Sofern wir mit dem Configfile zufrieden sind können wir den Cluster initialisieren:

sudo kubeadm init --config /path/to/kubeadm-init-config.yaml

Kubeadm wird diverse Checks durchführen, Images pullen und schlussendlich die Komponenten deployen.

Der Output wenn alles erfolgreich war, ist unmissverständlich. Wenn nicht empfiehlt es sich mal auf der Troubleshooting Seite nachzuschauen.

Wie der Output auch schon sagt, können wir uns nun die kubeconfig für den Cluster Admin exportieren und in unser Home Verzeichnis legen, neue Control Plane oder Worker Nodes dem Cluster joinen und ein CNI deployen. Das CNI ist sehr wichtig, ohne dieses funktioniert der Cluster nicht richtig. Dies sieht man auch wenn wir uns mal die Kubeconfig parat legen und einen ersten kubectl Command machen:

mkdir -p $HOME/.kube
sudo cp -i /etc/kubernetes/admin.conf $HOME/.kube/config
sudo chown $(id -u):$(id -g) $HOME/.kube/config
kubectl get nodes

Wie der Output des letzen Commands zeigt ist der Control Plane Server noch nicht ready. Die Details über CNI Plugins sind in der Dokumentation zu finden. Ich deploye im folgenden das CNI Calico.
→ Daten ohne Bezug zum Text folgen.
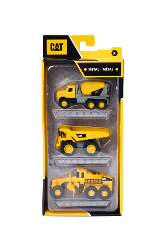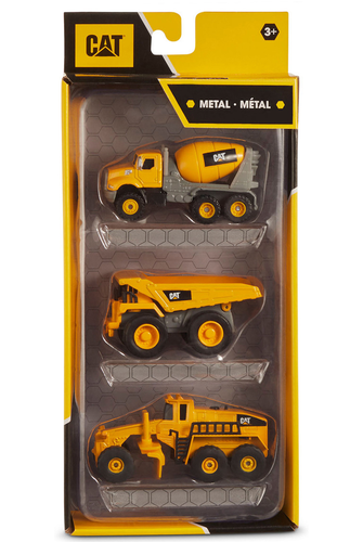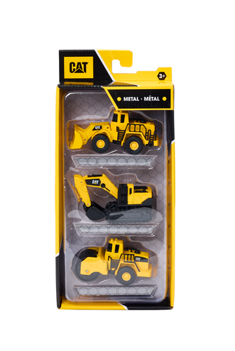 When there's heavy work to be done the rugged machines in the Cat Metal 3 Pack are ready to roll. These high quality vehicles are built to live up to the Cat standards for quality product and will stand the test of time. The vehicles are push-powered and like the real Cat machines, feature moving articulated buckets, booms, drums, and rollers.

Laut der Quickstart Dokumentation sind diese Commands ausreichend:

kubectl create -f https://docs.projectcalico.org/manifests/tigera-operator.yaml
kubectl create -f https://docs.projectcalico.org/manifests/custom-resources.yaml
watch kubectl get pods -n calico-system

Jedoch haben wir ja eine eigene Pod Netzwerk Range gesetzt bei der Initialisierung unseres Clusters. Deshalb lade ich mir die zweite YAML Resource zuerst als File herunter und editiere sie ein bisschen:

Danach kreiere ich diese Resource auch und schaue zu wie die Pods deployed werden.

Werfen wir nun nochmals einen Blick auf den Status der Control Plane sehen wir das er nun Ready ist.
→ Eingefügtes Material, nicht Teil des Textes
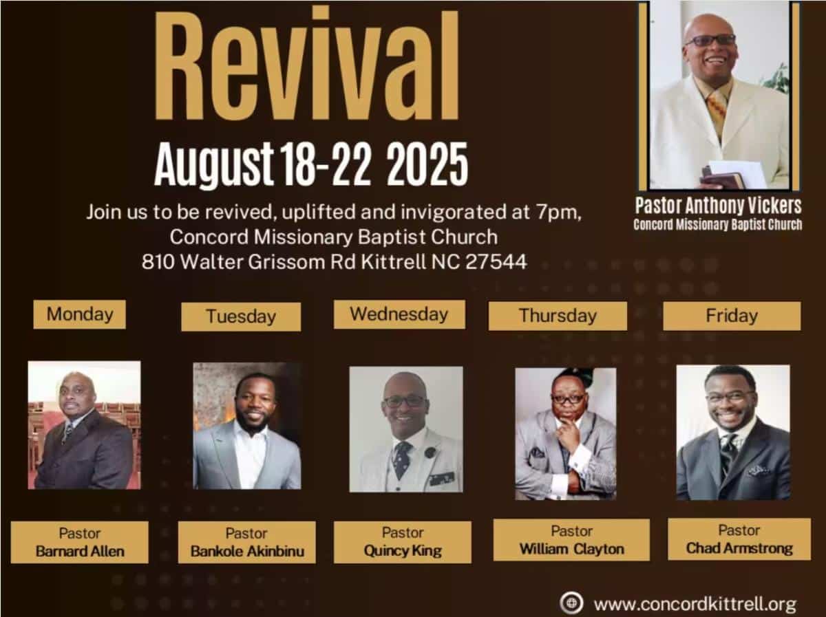 August 19 @7pm – Concord Missionary Baptist Church,

Disclaimer: Ich habe Calico als CNI noch nie verwendet und habe deshalb keine Erfahrung damit. Ob die oben genannte Installationsmethode die beste ist weiss ich nicht. So wie es scheint gehört zu Calico auch noch das Calicoctl dazu welches installiert werden muss. Mehr dazu hier.

Join Worker Nodes

Nun da unser Control Plane funktionsfähig ist, müssen wir den Worker Node dem Cluster joinen. Dies wird ebenfalls über Kubeadm gemacht. Während der Initialisierung der Control Plane hat kubeadm uns den Join Command dazu quasi bereits geliefert:

kubeadm join kubeapi.green.lab:6443 --token abcdef.0123456789abcdef \
    --discovery-token-ca-cert-hash sha256:223432145798041750987uifosghjdfksgh43954328437983457

Dies muss auf dem Worker Node als Root (oder Sudo) ausgeführt werden. Der erfolgreiche Output ist auch hier selbsterklärend.

Final sieht nun mein Cluster so aus:

Wie weiter?

Was nun kommt ist nicht einfach zu beantworten. Auf einem Kubernetes Cluster kann alles mögliche gemacht werden. In der Doku werden einige Punkte genannt was nun noch gemacht werden kann um das ganze zu optimieren oder es zu gebrauchen. Was ich auf jeden Fall machen werde ist ein Taint auf der Control Plane setzten damit meine Applikationspods nur auf dem Worker Node ausgeführt werden.